*Data to use:*
[Start of Attachment]
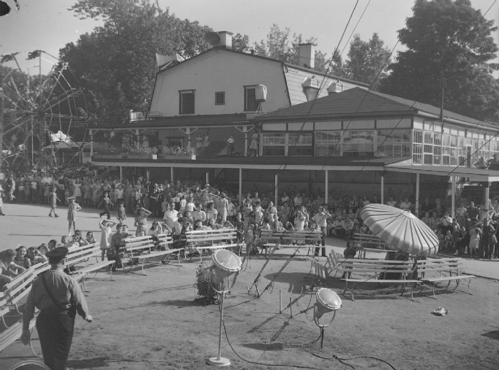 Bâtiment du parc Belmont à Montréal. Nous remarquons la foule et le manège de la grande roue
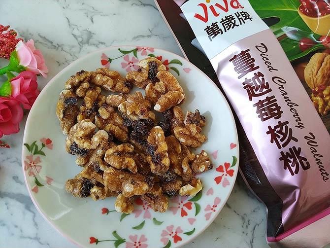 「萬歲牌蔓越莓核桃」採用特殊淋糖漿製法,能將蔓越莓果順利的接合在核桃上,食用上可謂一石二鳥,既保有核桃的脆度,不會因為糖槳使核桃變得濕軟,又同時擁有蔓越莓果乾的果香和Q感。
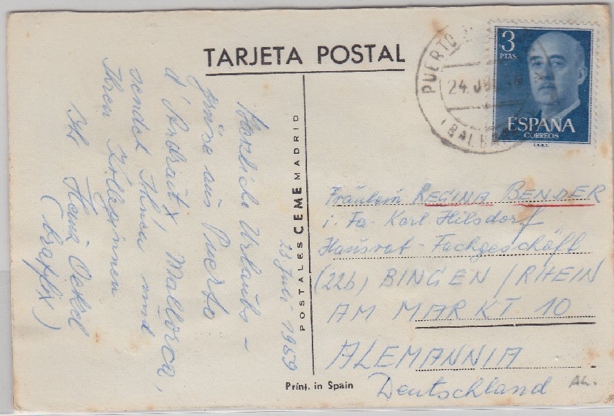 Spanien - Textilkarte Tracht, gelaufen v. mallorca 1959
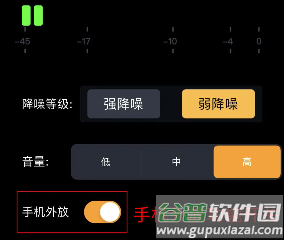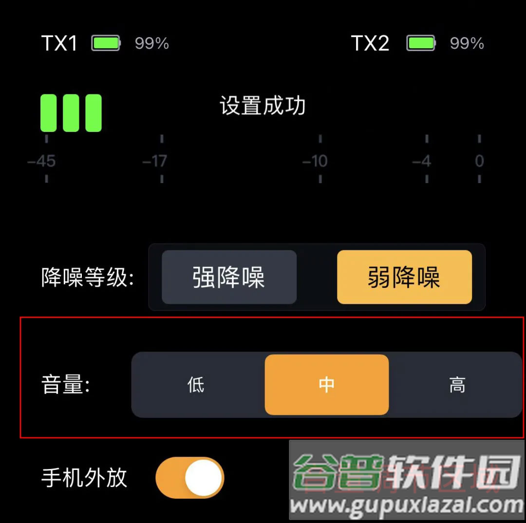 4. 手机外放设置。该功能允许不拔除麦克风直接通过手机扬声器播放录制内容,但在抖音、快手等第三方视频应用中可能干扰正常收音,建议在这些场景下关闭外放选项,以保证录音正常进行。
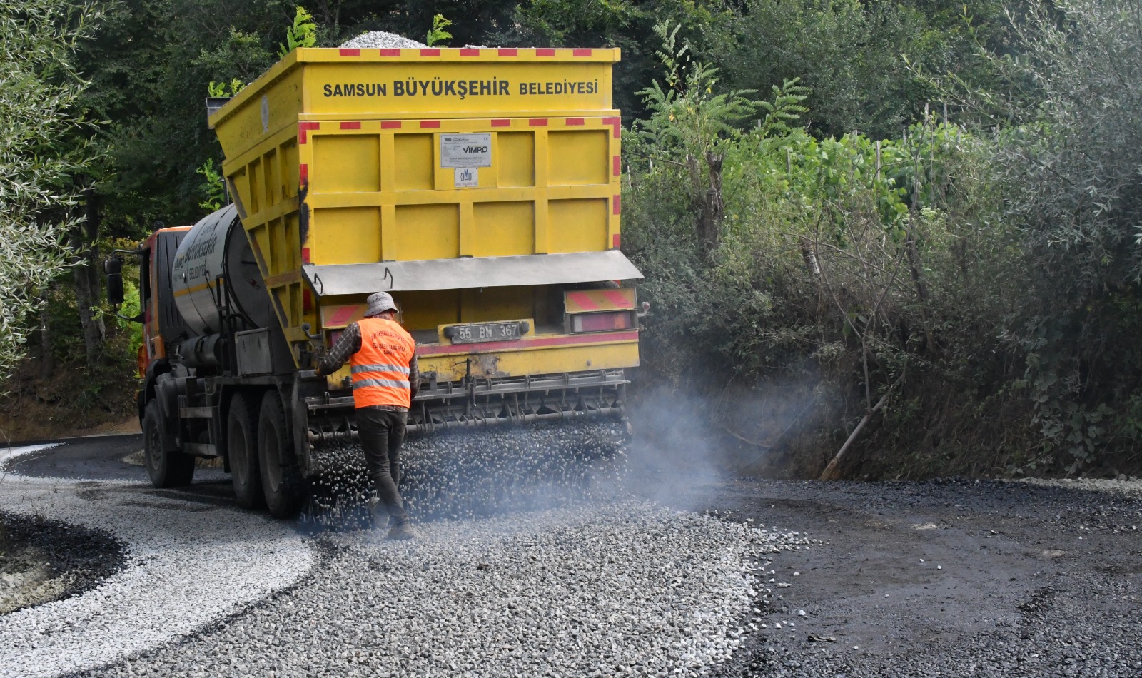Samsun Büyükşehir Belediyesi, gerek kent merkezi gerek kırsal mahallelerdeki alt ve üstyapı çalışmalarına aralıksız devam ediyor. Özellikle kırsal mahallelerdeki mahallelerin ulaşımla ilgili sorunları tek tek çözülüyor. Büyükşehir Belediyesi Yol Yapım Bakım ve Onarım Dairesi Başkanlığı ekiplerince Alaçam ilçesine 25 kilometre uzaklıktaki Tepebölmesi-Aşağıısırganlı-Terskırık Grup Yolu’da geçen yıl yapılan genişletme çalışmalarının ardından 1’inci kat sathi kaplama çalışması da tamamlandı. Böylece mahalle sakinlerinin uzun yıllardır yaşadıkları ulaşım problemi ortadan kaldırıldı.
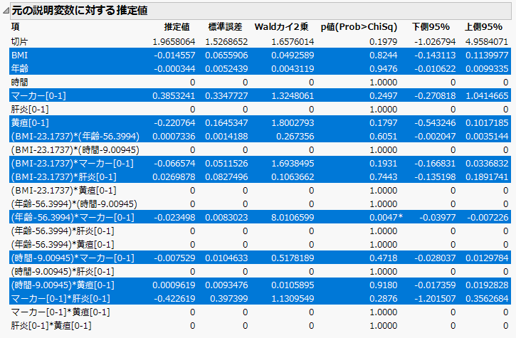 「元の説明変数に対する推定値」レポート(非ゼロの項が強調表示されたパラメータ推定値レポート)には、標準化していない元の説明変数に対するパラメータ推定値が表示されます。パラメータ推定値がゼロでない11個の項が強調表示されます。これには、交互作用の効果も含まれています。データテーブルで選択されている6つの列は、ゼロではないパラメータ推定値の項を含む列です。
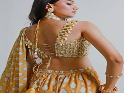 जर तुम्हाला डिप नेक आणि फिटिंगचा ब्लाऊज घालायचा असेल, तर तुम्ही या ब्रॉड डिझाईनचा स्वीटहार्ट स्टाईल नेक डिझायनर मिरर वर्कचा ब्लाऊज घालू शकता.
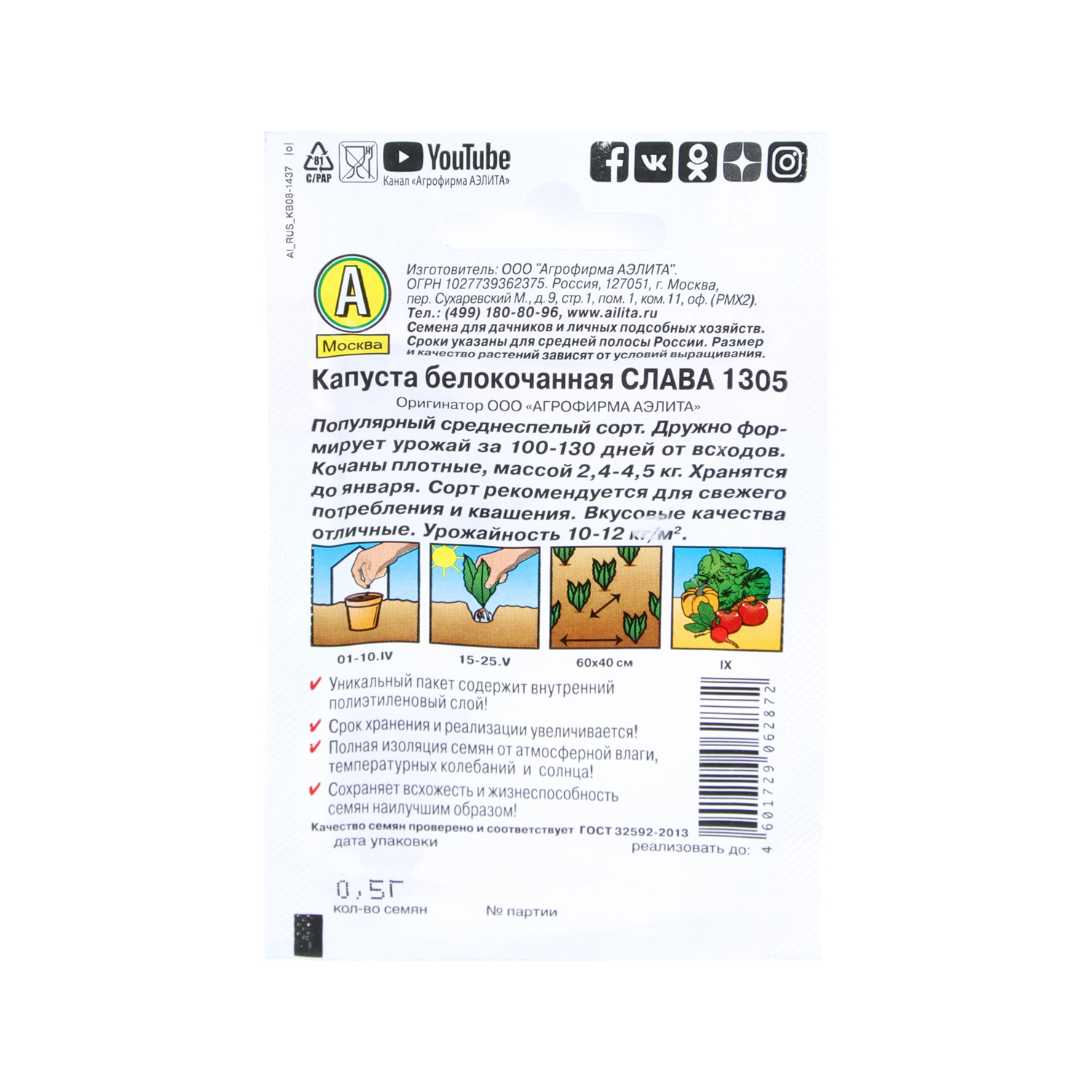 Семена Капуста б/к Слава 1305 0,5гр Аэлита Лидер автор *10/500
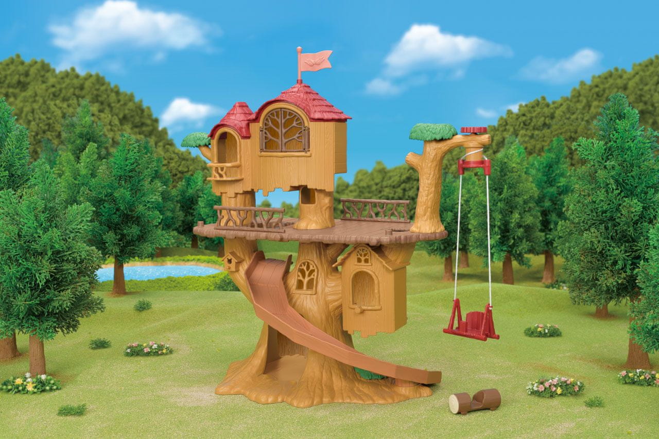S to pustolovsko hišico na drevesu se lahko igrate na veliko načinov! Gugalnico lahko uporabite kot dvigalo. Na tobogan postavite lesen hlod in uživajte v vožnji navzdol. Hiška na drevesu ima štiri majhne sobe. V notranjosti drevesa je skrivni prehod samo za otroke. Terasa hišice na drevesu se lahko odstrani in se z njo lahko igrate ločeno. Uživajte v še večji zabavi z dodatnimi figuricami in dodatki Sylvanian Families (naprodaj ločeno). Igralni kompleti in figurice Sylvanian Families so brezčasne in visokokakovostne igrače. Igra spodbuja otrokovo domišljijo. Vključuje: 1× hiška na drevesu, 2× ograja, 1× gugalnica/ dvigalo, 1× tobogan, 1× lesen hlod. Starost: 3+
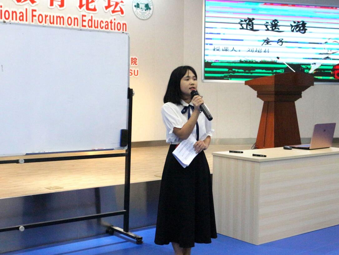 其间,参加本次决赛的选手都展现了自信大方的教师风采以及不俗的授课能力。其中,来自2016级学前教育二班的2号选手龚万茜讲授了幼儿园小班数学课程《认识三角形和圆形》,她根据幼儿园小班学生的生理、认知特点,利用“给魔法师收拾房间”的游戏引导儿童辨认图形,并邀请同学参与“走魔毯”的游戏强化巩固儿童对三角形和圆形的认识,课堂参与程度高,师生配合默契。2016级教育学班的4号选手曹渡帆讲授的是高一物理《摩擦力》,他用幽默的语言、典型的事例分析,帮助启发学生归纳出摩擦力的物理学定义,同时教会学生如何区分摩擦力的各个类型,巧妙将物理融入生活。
[End of Attachment]
*Activity:* The entries are to be restated word for word, and no picture should appear in the copy.

*Task response:*
 Bâtiment du parc Belmont à Montréal. Nous remarquons la foule et le manège de la grande roue
 「萬歲牌蔓越莓核桃」採用特殊淋糖漿製法,能將蔓越莓果順利的接合在核桃上,食用上可謂一石二鳥,既保有核桃的脆度,不會因為糖槳使核桃變得濕軟,又同時擁有蔓越莓果乾的果香和Q感。
 Spanien - Textilkarte Tracht, gelaufen v. mallorca 1959
 4. 手机外放设置。该功能允许不拔除麦克风直接通过手机扬声器播放录制内容,但在抖音、快手等第三方视频应用中可能干扰正常收音,建议在这些场景下关闭外放选项,以保证录音正常进行。
Samsun Büyükşehir Belediyesi, gerek kent merkezi gerek kırsal mahallelerdeki alt ve üstyapı çalışmalarına aralıksız devam ediyor. Özellikle kırsal mahallelerdeki mahallelerin ulaşımla ilgili sorunları tek tek çözülüyor. Büyükşehir Belediyesi Yol Yapım Bakım ve Onarım Dairesi Başkanlığı ekiplerince Alaçam ilçesine 25 kilometre uzaklıktaki Tepebölmesi-Aşağıısırganlı-Terskırık Grup Yolu’da geçen yıl yapılan genişletme çalışmalarının ardından 1’inci kat sathi kaplama çalışması da tamamlandı. Böylece mahalle sakinlerinin uzun yıllardır yaşadıkları ulaşım problemi ortadan kaldırıldı.
 「元の説明変数に対する推定値」レポート(非ゼロの項が強調表示されたパラメータ推定値レポート)には、標準化していない元の説明変数に対するパラメータ推定値が表示されます。パラメータ推定値がゼロでない11個の項が強調表示されます。これには、交互作用の効果も含まれています。データテーブルで選択されている6つの列は、ゼロではないパラメータ推定値の項を含む列です。
 जर तुम्हाला डिप नेक आणि फिटिंगचा ब्लाऊज घालायचा असेल, तर तुम्ही या ब्रॉड डिझाईनचा स्वीटहार्ट स्टाईल नेक डिझायनर मिरर वर्कचा ब्लाऊज घालू शकता.
 Семена Капуста б/к Слава 1305 0,5гр Аэлита Лидер автор *10/500
S to pustolovsko hišico na drevesu se lahko igrate na veliko načinov! Gugalnico lahko uporabite kot dvigalo. Na tobogan postavite lesen hlod in uživajte v vožnji navzdol. Hiška na drevesu ima štiri majhne sobe. V notranjosti drevesa je skrivni prehod samo za otroke. Terasa hišice na drevesu se lahko odstrani in se z njo lahko igrate ločeno. Uživajte v še večji zabavi z dodatnimi figuricami in dodatki Sylvanian Families (naprodaj ločeno). Igralni kompleti in figurice Sylvanian Families so brezčasne in visokokakovostne igrače. Igra spodbuja otrokovo domišljijo. Vključuje: 1× hiška na drevesu, 2× ograja, 1× gugalnica/ dvigalo, 1× tobogan, 1× lesen hlod. Starost: 3+
 其间,参加本次决赛的选手都展现了自信大方的教师风采以及不俗的授课能力。其中,来自2016级学前教育二班的2号选手龚万茜讲授了幼儿园小班数学课程《认识三角形和圆形》,她根据幼儿园小班学生的生理、认知特点,利用“给魔法师收拾房间”的游戏引导儿童辨认图形,并邀请同学参与“走魔毯”的游戏强化巩固儿童对三角形和圆形的认识,课堂参与程度高,师生配合默契。2016级教育学班的4号选手曹渡帆讲授的是高一物理《摩擦力》,他用幽默的语言、典型的事例分析,帮助启发学生归纳出摩擦力的物理学定义,同时教会学生如何区分摩擦力的各个类型,巧妙将物理融入生活。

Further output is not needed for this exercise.